Leaving out the images, reproduce every line of the data that follows exactly.

▶ _GIVEN DATA_:
•••••

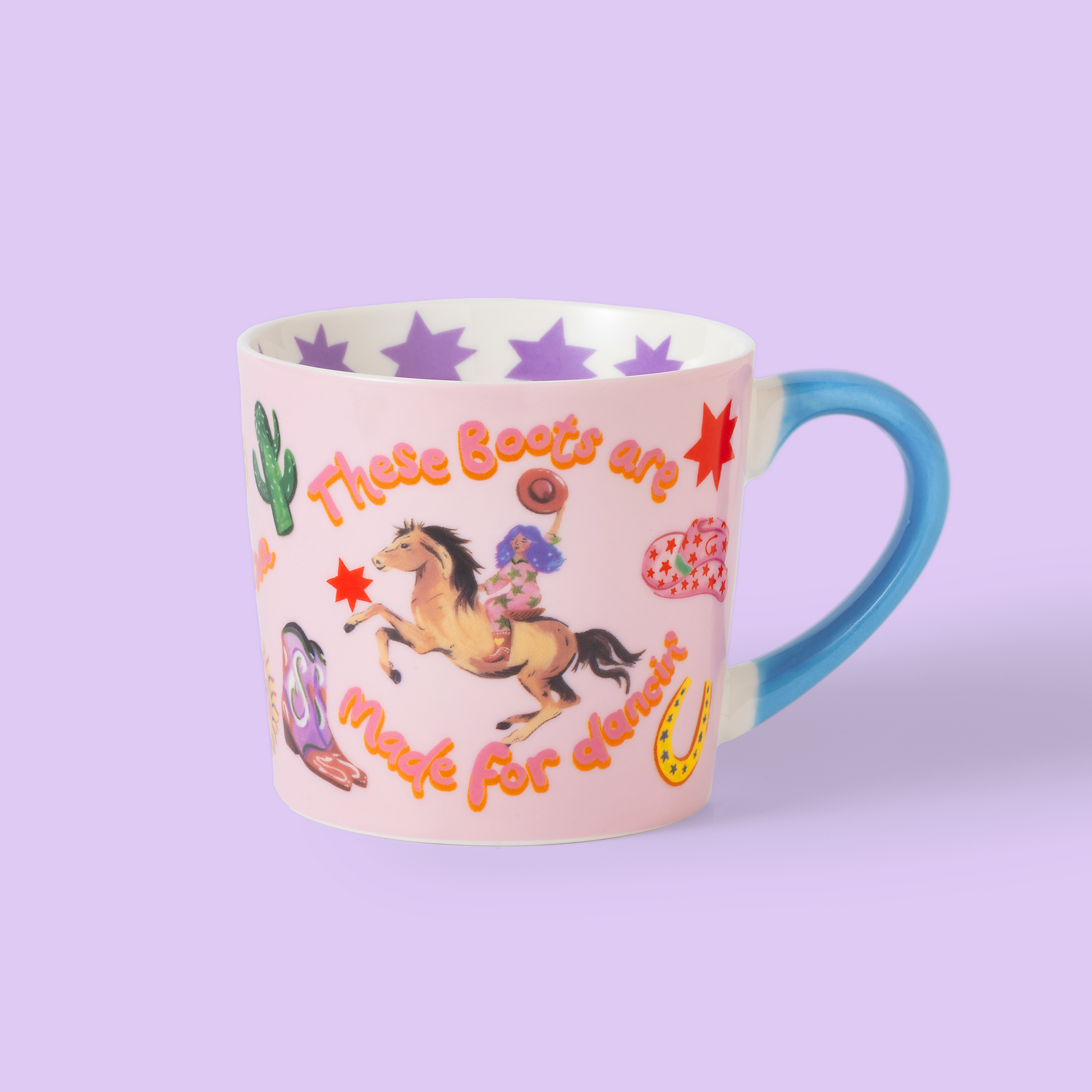 Kick up your heels with our These Boots Are Made For Dancing Mug! Featuring a fearless cowgirl ready for adventure, it's adorned with playful Western icons and starry details. This bold and charming mug is a daily reminder that life is better when you dance through it—boots on, hat held high, and heart full. Perfect for dreamers, doers, and dancers at heart.
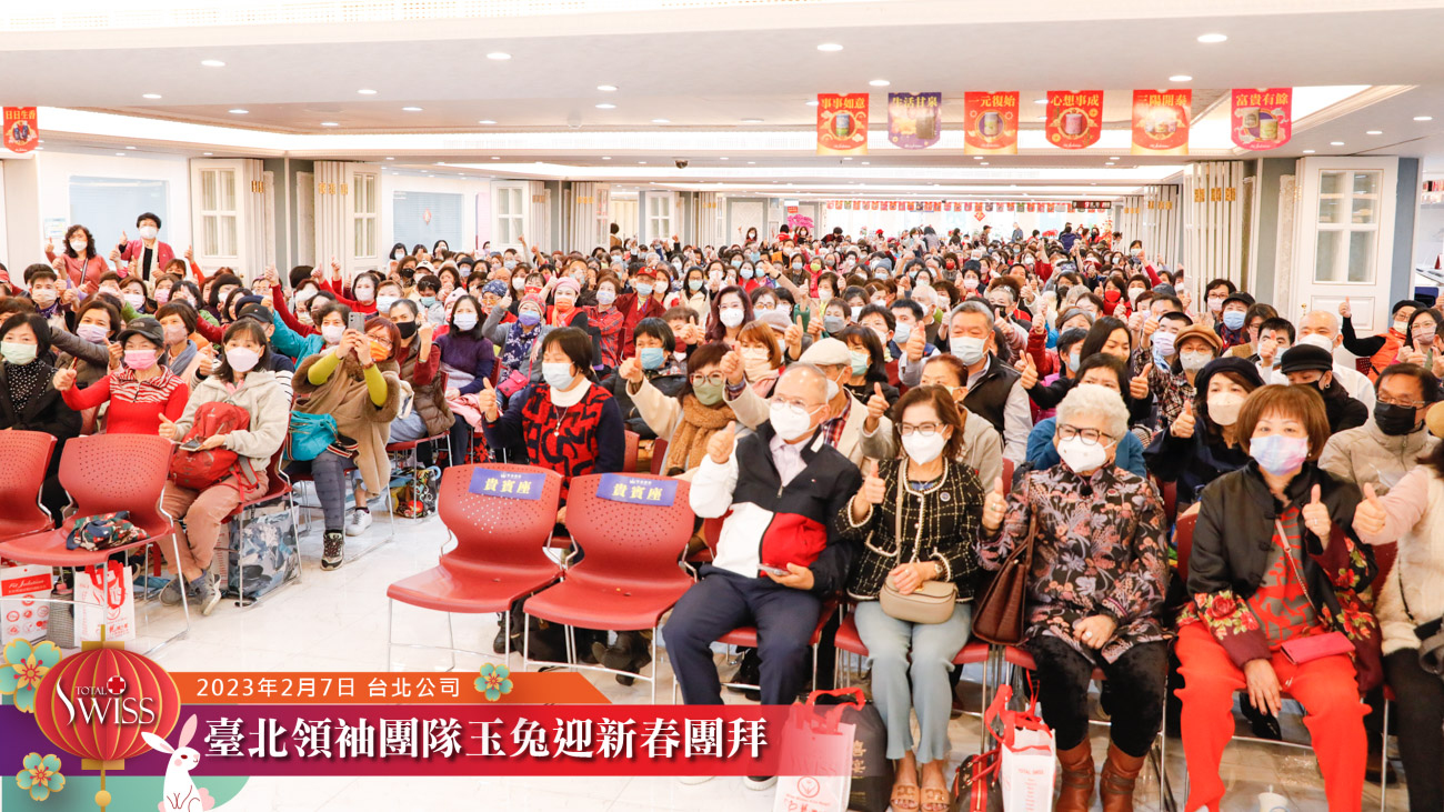 Total Swiss玉兔迎春台北團拜 八百夥伴洋溢信心,王博士祝福夥伴一飛沖天
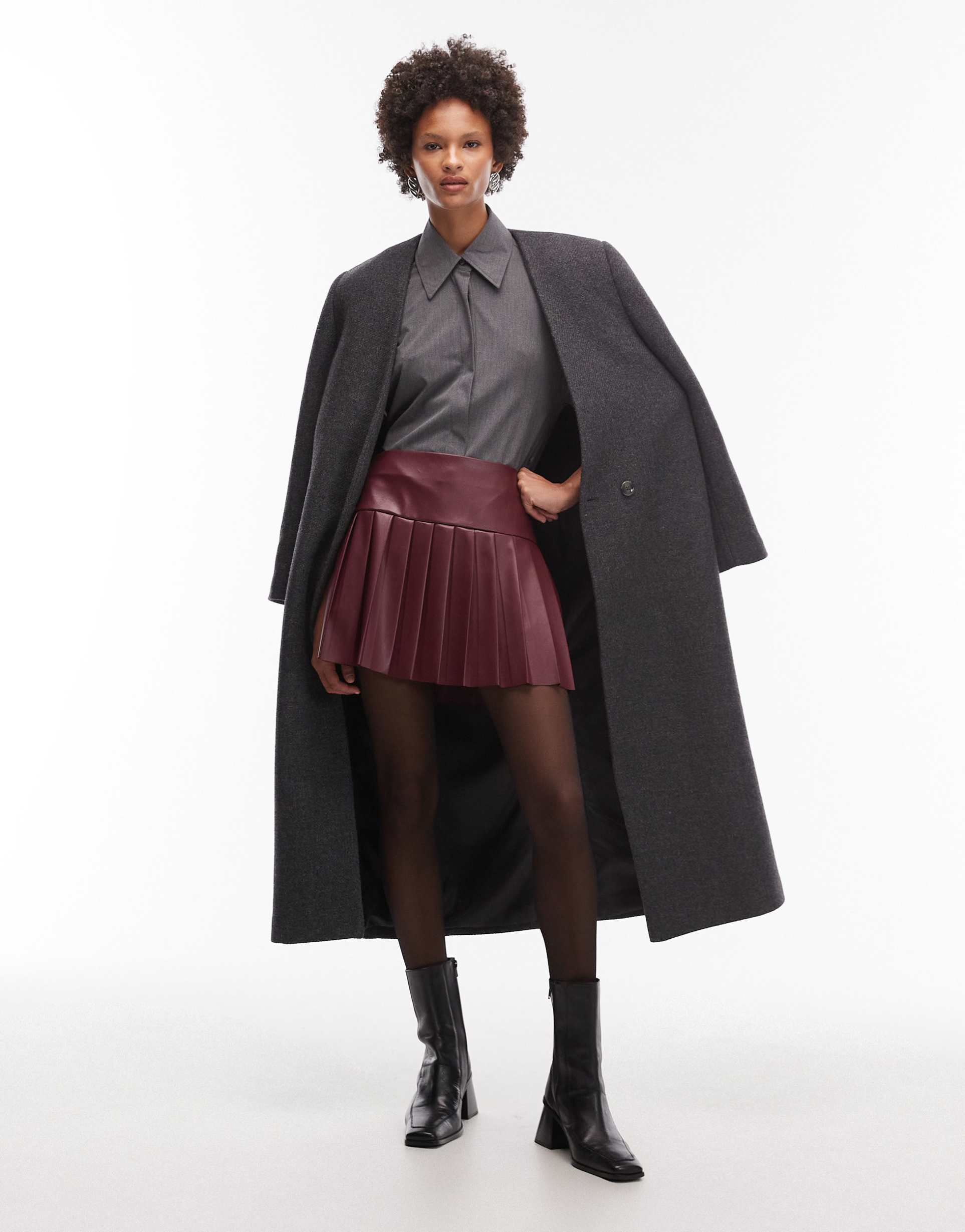 ASOS DESIGN PU PLEATED MINI SKIRT IN BURGUNDY

•••••

▶ _RESPONSE BELOW_:
 Kick up your heels with our These Boots Are Made For Dancing Mug! Featuring a fearless cowgirl ready for adventure, it's adorned with playful Western icons and starry details. This bold and charming mug is a daily reminder that life is better when you dance through it—boots on, hat held high, and heart full. Perfect for dreamers, doers, and dancers at heart.
 Total Swiss玉兔迎春台北團拜 八百夥伴洋溢信心,王博士祝福夥伴一飛沖天
 ASOS DESIGN PU PLEATED MINI SKIRT IN BURGUNDY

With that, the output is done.